# O-GOES-HO Lowers prices!!!!



## mr_aurora (Oct 18, 2005)

Great News about the new line of cars O-GOES-HO:thumbsup::thumbsup:

We are pleased to announce that we were able to re-negotiate better pricing on the cars starting with Release 3.

From here forward the bodies will be $10.00 each which is the pricing Tom and I had wanted from the start. We are now able to extend the savings to you, our customers and thank you for your continued support. Without successful sales, we would not have been able to do this.

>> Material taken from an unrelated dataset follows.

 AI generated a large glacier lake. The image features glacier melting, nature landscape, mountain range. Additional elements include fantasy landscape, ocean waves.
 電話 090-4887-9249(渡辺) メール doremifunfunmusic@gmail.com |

Release 1 and 2 are still at $15.00 per body but from Release 3 forward all production bodies will be $10.00 each. Quality has not been compromised by this cost savings.

You've shown your support, now we are showing our gratitude!

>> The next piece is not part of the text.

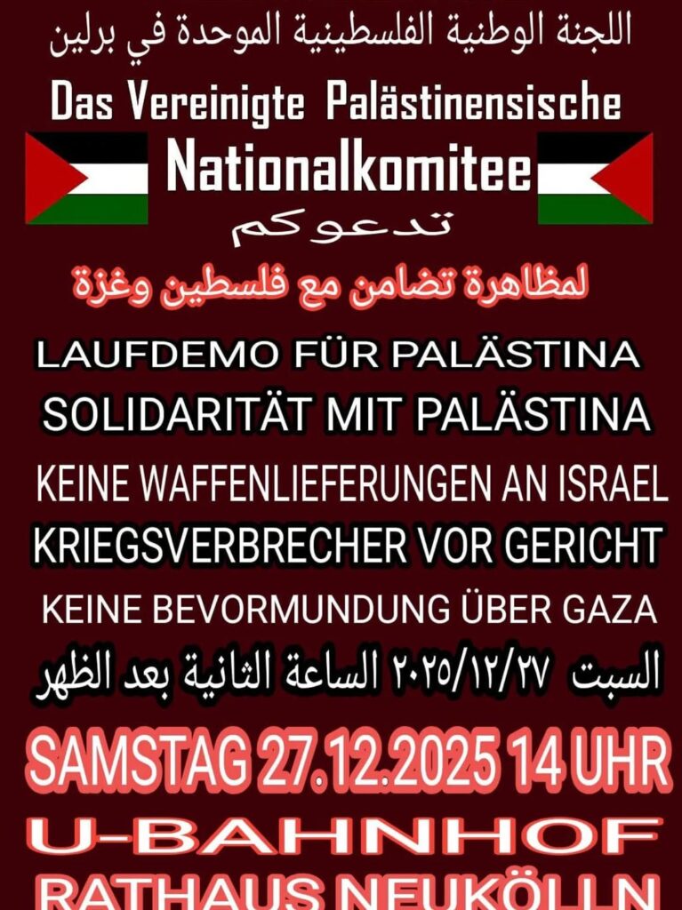Veranstaltungskalender Kategorie: General Laufdemo für Palästina - Solidarität mit Palästina - Keine Waffenlieferungen an Israel 14:00 27. Dezember 2025 BerlinVeranstaltungsort anschauen Kompletten Kalender ansehen

Please go to the website and check out the AWESOME RELEASE 3 COLORS!!!!

PS Thank you all for the HOPY award............ You made it happen................

Bob Beers
PO Box 255
Monroe CT 06468
Cell #(203)804-2455
paypal [email protected]
website www.O-GOES-HO.com


----------



## videojimmy (Jan 12, 2006)

will there be any at the show tomorrow?


----------



## mr_aurora (Oct 18, 2005)

*Allentown O-GOES-HO*

Yes there will VJ, hope to see you there.........:wave:


----------



## Joe65SkylarkGS (Feb 15, 2010)

videojimmy said:


> will there be any at the show tomorrow?



Jimmy we have to meet.


----------



## mr_aurora (Oct 18, 2005)

Joe, is Zach going?


----------



## videojimmy (Jan 12, 2006)

Joe65SkylarkGS said:


> Jimmy we have to meet.



sounds good to me.... I'll be there.
Wish I had my act together enough to get a table.
I have some stuff to unload.

I guess it will have to wait until the next one!

Looking forward to meeting Bob and Tom, as well as any other HT dudes
there. I'll be wearing an NBC sports baseball cap... look for me


----------



## roadrner (Jul 21, 1999)

Bob,
Ever think about "Kit" versions for the customizers? Unpainted, unassembled and ready to do your thing. Either way, they still great bods. Thanks! :thumbsup::thumbsup: rr


----------



## afxcrazy (Aug 23, 2008)

Darn I missed another show !!! Work ,work,work and no play !!!


----------